*Task item*
Restate the records that follow word for word; no pictures should appear.

Stored records

■ ■ ■

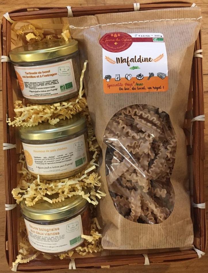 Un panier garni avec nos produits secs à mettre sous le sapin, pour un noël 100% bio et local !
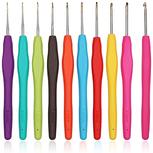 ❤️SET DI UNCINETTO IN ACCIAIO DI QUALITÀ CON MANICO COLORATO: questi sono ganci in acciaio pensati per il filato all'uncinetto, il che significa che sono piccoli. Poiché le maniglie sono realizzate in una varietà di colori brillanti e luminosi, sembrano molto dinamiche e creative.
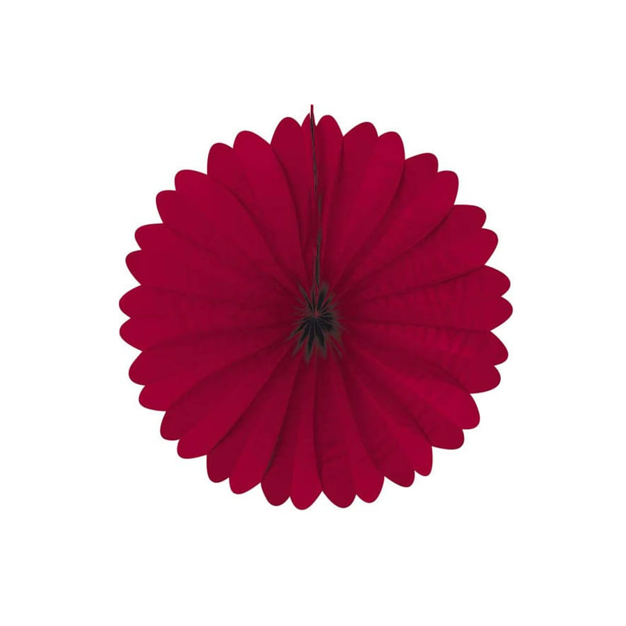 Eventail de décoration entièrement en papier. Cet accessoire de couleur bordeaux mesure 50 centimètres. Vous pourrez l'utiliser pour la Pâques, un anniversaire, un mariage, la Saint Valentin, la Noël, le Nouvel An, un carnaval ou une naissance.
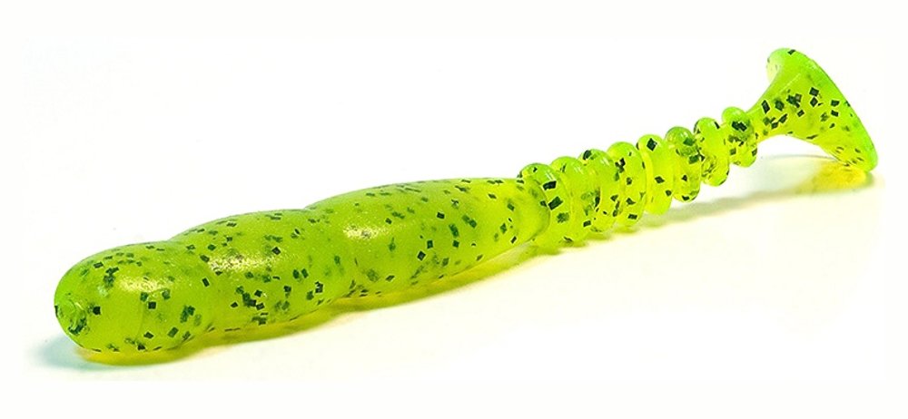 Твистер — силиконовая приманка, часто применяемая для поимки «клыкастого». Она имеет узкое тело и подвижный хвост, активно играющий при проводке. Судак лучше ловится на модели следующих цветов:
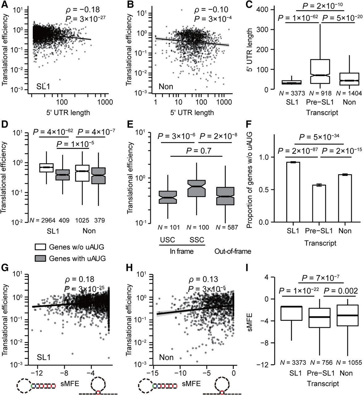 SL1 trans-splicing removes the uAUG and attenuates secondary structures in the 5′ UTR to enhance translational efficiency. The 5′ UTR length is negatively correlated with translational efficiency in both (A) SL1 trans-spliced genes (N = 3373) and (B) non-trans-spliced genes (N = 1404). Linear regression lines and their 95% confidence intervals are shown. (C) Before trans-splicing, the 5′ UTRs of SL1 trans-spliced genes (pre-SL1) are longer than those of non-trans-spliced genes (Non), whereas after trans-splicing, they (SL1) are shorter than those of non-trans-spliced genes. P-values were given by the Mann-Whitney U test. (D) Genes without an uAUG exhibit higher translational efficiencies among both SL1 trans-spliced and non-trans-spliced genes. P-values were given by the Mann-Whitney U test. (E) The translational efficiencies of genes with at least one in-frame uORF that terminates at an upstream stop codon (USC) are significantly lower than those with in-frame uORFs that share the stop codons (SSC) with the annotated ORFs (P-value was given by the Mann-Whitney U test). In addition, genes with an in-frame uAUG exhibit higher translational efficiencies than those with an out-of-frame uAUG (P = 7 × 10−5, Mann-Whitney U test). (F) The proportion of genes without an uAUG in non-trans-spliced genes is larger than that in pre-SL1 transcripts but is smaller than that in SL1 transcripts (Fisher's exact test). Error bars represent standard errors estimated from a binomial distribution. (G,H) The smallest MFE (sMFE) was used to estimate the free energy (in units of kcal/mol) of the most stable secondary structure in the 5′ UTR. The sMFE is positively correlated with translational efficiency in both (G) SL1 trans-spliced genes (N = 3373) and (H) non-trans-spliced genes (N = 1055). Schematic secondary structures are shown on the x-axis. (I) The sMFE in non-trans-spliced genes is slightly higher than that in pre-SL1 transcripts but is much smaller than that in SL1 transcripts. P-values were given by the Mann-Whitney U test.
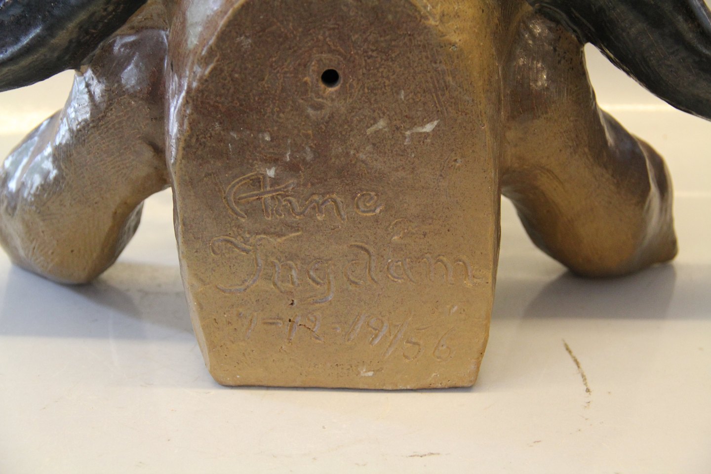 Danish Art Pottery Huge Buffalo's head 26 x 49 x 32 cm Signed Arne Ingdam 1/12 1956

■ ■ ■

*Result for this exercise*
 Un panier garni avec nos produits secs à mettre sous le sapin, pour un noël 100% bio et local !
 ❤️SET DI UNCINETTO IN ACCIAIO DI QUALITÀ CON MANICO COLORATO: questi sono ganci in acciaio pensati per il filato all'uncinetto, il che significa che sono piccoli. Poiché le maniglie sono realizzate in una varietà di colori brillanti e luminosi, sembrano molto dinamiche e creative.
 Eventail de décoration entièrement en papier. Cet accessoire de couleur bordeaux mesure 50 centimètres. Vous pourrez l'utiliser pour la Pâques, un anniversaire, un mariage, la Saint Valentin, la Noël, le Nouvel An, un carnaval ou une naissance.
 Твистер — силиконовая приманка, часто применяемая для поимки «клыкастого». Она имеет узкое тело и подвижный хвост, активно играющий при проводке. Судак лучше ловится на модели следующих цветов:
 SL1 trans-splicing removes the uAUG and attenuates secondary structures in the 5′ UTR to enhance translational efficiency. The 5′ UTR length is negatively correlated with translational efficiency in both (A) SL1 trans-spliced genes (N = 3373) and (B) non-trans-spliced genes (N = 1404). Linear regression lines and their 95% confidence intervals are shown. (C) Before trans-splicing, the 5′ UTRs of SL1 trans-spliced genes (pre-SL1) are longer than those of non-trans-spliced genes (Non), whereas after trans-splicing, they (SL1) are shorter than those of non-trans-spliced genes. P-values were given by the Mann-Whitney U test. (D) Genes without an uAUG exhibit higher translational efficiencies among both SL1 trans-spliced and non-trans-spliced genes. P-values were given by the Mann-Whitney U test. (E) The translational efficiencies of genes with at least one in-frame uORF that terminates at an upstream stop codon (USC) are significantly lower than those with in-frame uORFs that share the stop codons (SSC) with the annotated ORFs (P-value was given by the Mann-Whitney U test). In addition, genes with an in-frame uAUG exhibit higher translational efficiencies than those with an out-of-frame uAUG (P = 7 × 10−5, Mann-Whitney U test). (F) The proportion of genes without an uAUG in non-trans-spliced genes is larger than that in pre-SL1 transcripts but is smaller than that in SL1 transcripts (Fisher's exact test). Error bars represent standard errors estimated from a binomial distribution. (G,H) The smallest MFE (sMFE) was used to estimate the free energy (in units of kcal/mol) of the most stable secondary structure in the 5′ UTR. The sMFE is positively correlated with translational efficiency in both (G) SL1 trans-spliced genes (N = 3373) and (H) non-trans-spliced genes (N = 1055). Schematic secondary structures are shown on the x-axis. (I) The sMFE in non-trans-spliced genes is slightly higher than that in pre-SL1 transcripts but is much smaller than that in SL1 transcripts. P-values were given by the Mann-Whitney U test.
 Danish Art Pottery Huge Buffalo's head 26 x 49 x 32 cm Signed Arne Ingdam 1/12 1956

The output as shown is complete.